Python will only treat variable assignment as assigning to a variable from an outer scope if you explicitly tell it to with the global or nonlocal keywords. global is for global variables, and nonlocal is a Python 3-exclusive keyword for closure variables:

x = 1
def change_x():
    global x
    x = 2
def dont_change_x():
    # no global
    x = 3

change_x()
print(x)  # prints 2

dont_change_x()
print(x)  # still prints 2

Otherwise, it will always interpret assignment as assigning to a local variable.

Answer 2

If you intend to clear the items in your list, you would not need to reassign the current name to a new list, just clear the old one by slicing :

foo(baz):
    baz[:] = [] # clears out list baz

baz[:] is a way of indexing all the items in your list and assigning them a new value

Update :

If you use the same in an assignment to a new list, the interpreter simply reassigns that name to a new list object:

>>> baz = []
>>> id(baz)
14832064
>>> baz = []
>>> id(baz)
14834304

Except you use slicing to refactor the old list, the name baz will no longer be a reference to the old list.

Answer 3

Take a look at this post to understand python way of passing parameters by assignment .
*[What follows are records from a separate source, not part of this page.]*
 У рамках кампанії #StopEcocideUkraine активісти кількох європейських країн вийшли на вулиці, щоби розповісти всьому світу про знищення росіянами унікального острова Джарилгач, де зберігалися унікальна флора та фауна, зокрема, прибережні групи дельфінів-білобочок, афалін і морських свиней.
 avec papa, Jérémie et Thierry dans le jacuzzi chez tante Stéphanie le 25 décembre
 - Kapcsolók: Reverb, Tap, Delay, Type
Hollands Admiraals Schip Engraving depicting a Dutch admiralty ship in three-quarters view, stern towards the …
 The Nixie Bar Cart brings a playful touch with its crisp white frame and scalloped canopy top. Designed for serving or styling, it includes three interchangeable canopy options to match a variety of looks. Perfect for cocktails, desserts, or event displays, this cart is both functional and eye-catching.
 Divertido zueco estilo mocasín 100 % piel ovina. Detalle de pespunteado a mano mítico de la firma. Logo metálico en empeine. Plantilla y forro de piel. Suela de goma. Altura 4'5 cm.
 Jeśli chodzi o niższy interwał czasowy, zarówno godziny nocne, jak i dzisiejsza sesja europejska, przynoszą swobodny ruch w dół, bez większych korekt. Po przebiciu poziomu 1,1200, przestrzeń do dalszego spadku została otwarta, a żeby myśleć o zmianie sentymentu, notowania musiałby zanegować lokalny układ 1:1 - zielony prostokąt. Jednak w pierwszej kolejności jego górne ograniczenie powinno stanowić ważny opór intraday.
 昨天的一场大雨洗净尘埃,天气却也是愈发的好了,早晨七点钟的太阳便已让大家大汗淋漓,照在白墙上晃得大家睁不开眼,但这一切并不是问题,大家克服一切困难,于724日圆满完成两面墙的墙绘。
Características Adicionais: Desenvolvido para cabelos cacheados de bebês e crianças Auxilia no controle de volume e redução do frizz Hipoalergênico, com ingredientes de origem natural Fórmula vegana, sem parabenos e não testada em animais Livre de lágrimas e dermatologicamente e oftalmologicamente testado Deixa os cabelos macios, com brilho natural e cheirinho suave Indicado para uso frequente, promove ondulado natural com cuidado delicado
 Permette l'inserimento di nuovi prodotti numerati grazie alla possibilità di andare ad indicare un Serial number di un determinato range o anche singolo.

What is happening is that you are redefining the variable baz to another list, so it doesn't have the reference to the outer baz anymore. You need to manipulate the elements in the list directly.

For example, if you're adding an element to baz, the outer list will get the changes:

def foo(baz):
    baz.append('baz')

But by doing this:

def foo(baz):
    baz = []

You assign a new list to baz and the reference to your outer baz is now broken.

In your case, you have 2 options to clear the list:

del baz[:]
baz[:] = []

Answer 4

Use slicing:

>>> def foo(baz):
...     baz[:] = []
...
>>> baz = [1, 2]
>>> foo(baz)
>>> baz
[]

The my_list[:] tells Python to replace all of the elements in my_list with the content on the right side of the assignment statement, referring to the same my_list object.

Answer 5

If you want to clear the list, use .clear() instead of creating a new list:

def foo(baz):
    baz.clear()

Side note: To access the outer baz in your foo() you can to use global keyword. However in that case there will be no ambiguity, as python will force you to rename the argument by throwing SyntaxError.

def foo(baz2):
    global baz
    baz = []

Plase note that usage of global is discouraged.